Another problem that occurs in some niches is simply that segmentation doesn’t work anymore. If you’ve been focusing on the same population group with the same users that don’t change very quickly, maybe you’ve already sold everything that this niche consumes for your current product.
In this case you also have two options: increase repetition (think of a discount for users in the new collection) or open segmentation to other niches. The latter isn’t always possible, but if done using the actions we talked about to reactivate the products, it could work very well.
Be cognizant of all changes and don’t stop trying. Study your competitors, new channels, work the content a lot to bring true value to your customers, use different formats in the media you publish, and do a ton of tests to be able to fine-tune your actions.
The first thing is don’t deny it. If you don’t think that you’ve been taking too long to bring out something new that works, it’s going to be hard to fix the problem.

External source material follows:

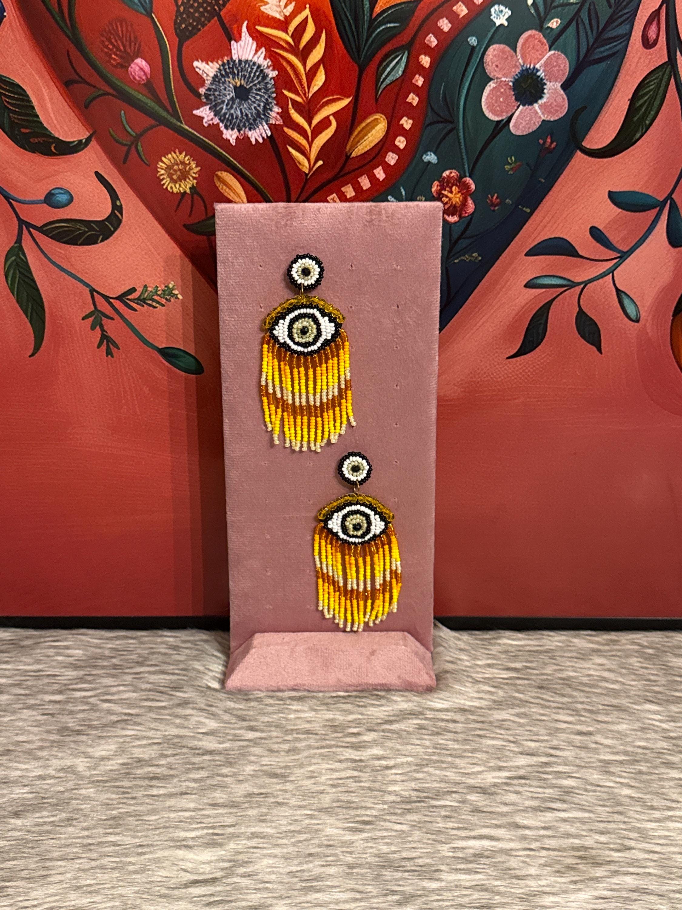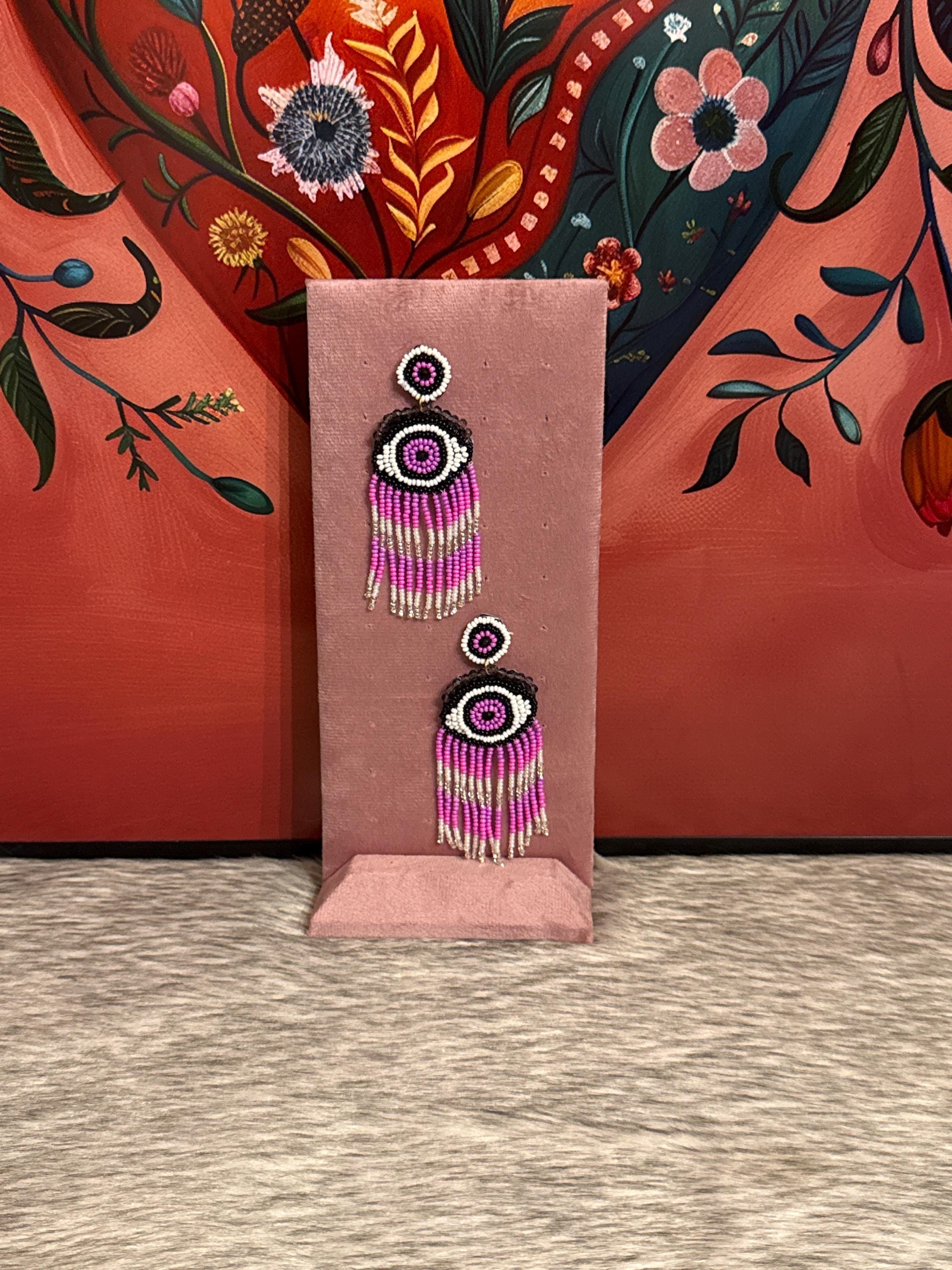Beautiful long protective eye earrings handmade by Mexican artisans.

It’s not the worst thing to run out of ideas but not recognizing it might be.
You also shouldn’t go crazy and start putting new features in your e-commerce simply because you’ve seen it on social networks or someone says it works. It might seem like you have to integrate Amazon Pay, for example, to be up with the latest payment trends but it turns out that your problem has to do with the product life cycle and you’re not addressing it at all.
Changes in the store imply economic expenditure, resource investment, and in structural cases, can produce some confused customers. By definition, every time you touch the e-commerce you have to be looking for a solution to a problem or testing a hypothesis, the strongest one possible based on previous data and studies.
Finally, I would tell you to avoid being reactive. The minute you start acting on what the situation demands, you lose the initiative. Make proposals, run tests, create hypotheses; all before you’re definitely at a standstill.